Los refugiados de Venezuela son un activo, no un problema

Hambre, colapso económico, represión y Covid-19: los venezolanos han visto casi todo durante el último año. Para millones de ellos, un puerto seguro en otro país latinoamericano era la única salida. Los tiroteos entre las fuerzas de seguridad y la guerrilla que obligaron al menos a 3.100 residentes en el estado occidental de Apure a huir por la frontera con Colombia a fines de marzo fueron solo el ejemplo más reciente. Sin embargo, incluso estas fugas desesperadas parecen más tensas a medida que se acumula una reacción continental contra la diáspora más castigada del hemisferio occidental.

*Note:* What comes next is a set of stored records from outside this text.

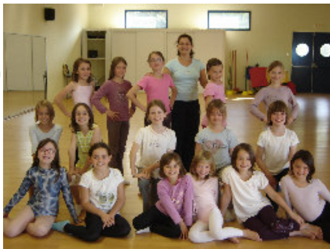
Le groupe des 8 - 9 ans
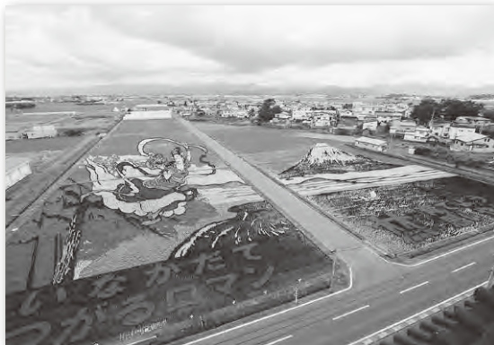
第1田んぼアート「富士山と羽衣伝説」
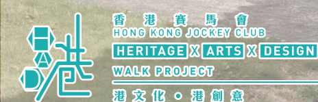
HERITAGE X ARTS X DESIGN WALK PROJECT 溯文化·創新意
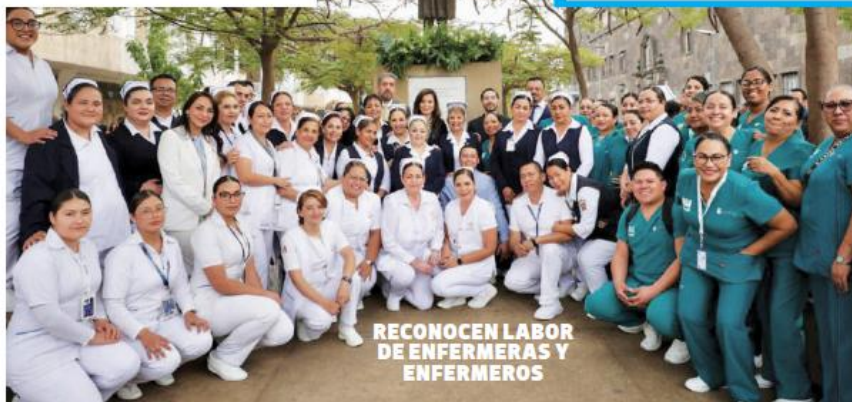
RECONOCEN LABOR DE ENFERMERAS Y ENFERMEROS
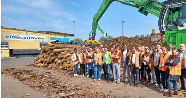
Besuch des Sägewerks Eigelshoven in Würselen am 15.05.2023
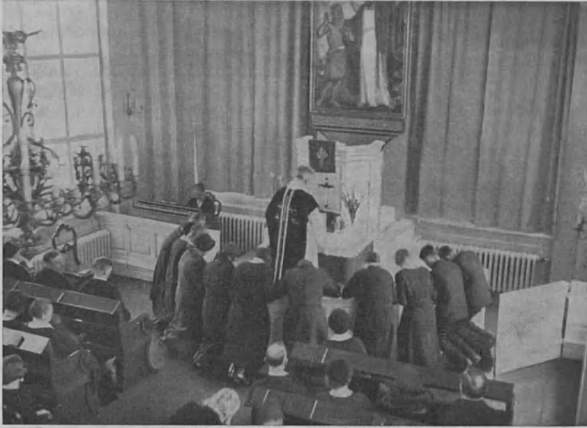
Uusi messupuku ensikerran käytännössä Helsingin kuurojen jumalanpalveluksessa pitkänäperjantaina
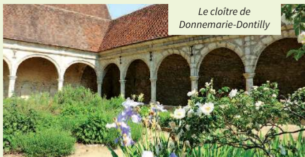
Le cloître de Donnemarie-Dontilly

« Mouchérons », « abeilles », « bouffons », « militaires », « araignées », « sabot de vénus », les appellations des orchidées précisent la couleur et la forme de leurs pétales roses, pourpres, verdâtres, blanches, ou jaunes-verts. La race céphalantère rouge à lèvres pointue pousse dans les forêts sèches et sur les sols calcaires. Inutile de préciser que ces orchidées protégées ne doivent pas être cueillies, mais seulement photographiées.
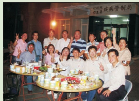
■ 中秋節夜晚同仁合照
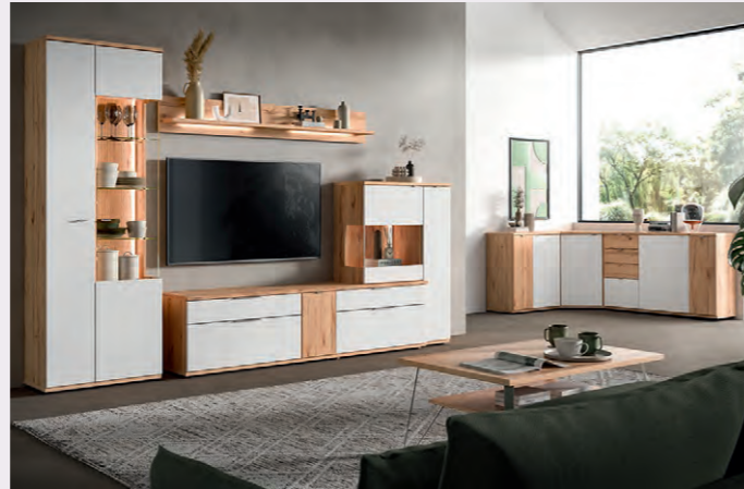
Moderne Wohnlösungen mit klarer Struktur und Leichtigkeit
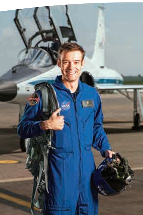
▲準太空人庫林因個人原因退訓
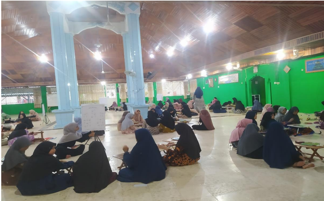
Foto kegiatan pembelajaran Al-Qur'an metode tilawati
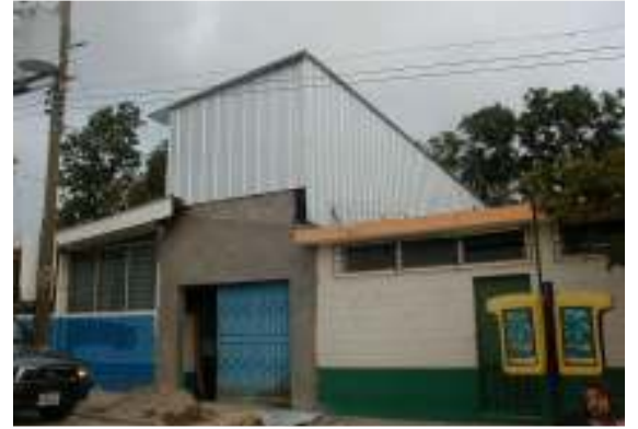
ومخزن الجمعية التعاونية "سانتا ماريا أوتسوما
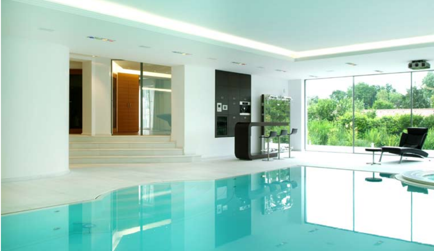
Im Eingangsbereich der Halle ist der Wellnessbereich mit Sauna und Dampfbad untergebracht.

war ihm ebenso wichtig wie der Blick auf den nahegelegenen See. Da das Grundstück leichte Hanglage hat, waren aufwendige Bauarbeiten notwendig, um den Anbau in halber Unterflurbauweise realisieren zu können. Betritt man heute das Badeparadies, so gelangt man ebenerdig zuerst vom neu geschaffenen Wohnbereich in die kleine Wellnessanlage mit einer konventionellen Sauna und einem aufwendig gestalteten Dampfbad. Vor allem die Innenausstattung des Dampfbades ist ein Highlight für sich. Die Kabine mit gewölbter Natursteindecke ist mit hochwertigem Marmor ausgekleidet, der dank der Hinterwand-Beleuchtung
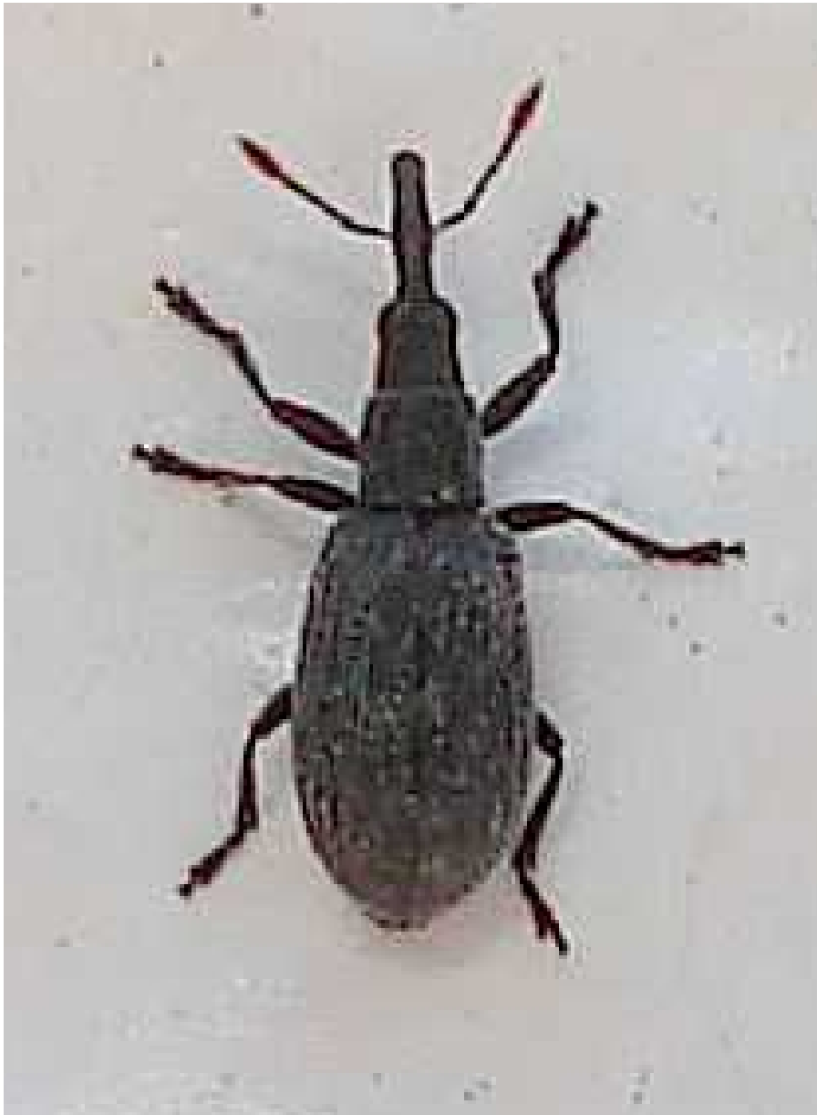
Stenopterapion cf. tenue

Stenopterapion tenue – Mide de 1,6 a 2,3 mm de longitud. Color general gris oscuro. Cabeza alargada en la zona de las mejillas. Vive sobre diversas leguminosas.

Se estima que 5,4 millones de venezolanos han abandonado su fallida patria, el 85% de ellos aterrizando en otro país de América Latina o el Caribe. Representan la mayor calamidad humanitaria del mundo después de la de Siria devastada por la guerra, pero con una fracción de asistencia y atención. La crisis de refugiados de Venezuela ha generado 1,3 mil millones de dólares en promesas de ayuda, incluso cuando la crisis de refugiados sirios ha recaudado 19,9 mil millones de dólares, según el economista Dany Bahar, investigador principal de Brookings Institution. La pandemia ha dividido una emergencia tras otra, ya que las autoridades regionales que luchan contra el contagio y las economías colapsadas sellan las fronteras y rechazan a los que ingresan ilegalmente. Se estima que 122.000 emigrantes venezolanos han retornado a casa desde Colombia solo desde el brote del nuevo coronavirus; aquellos que se mantienen firmes en el extranjero se enfrentan a una hostilidad cada vez mayor y a ser chivos expiatorios, a veces de autoridades presuntamente comprensivas.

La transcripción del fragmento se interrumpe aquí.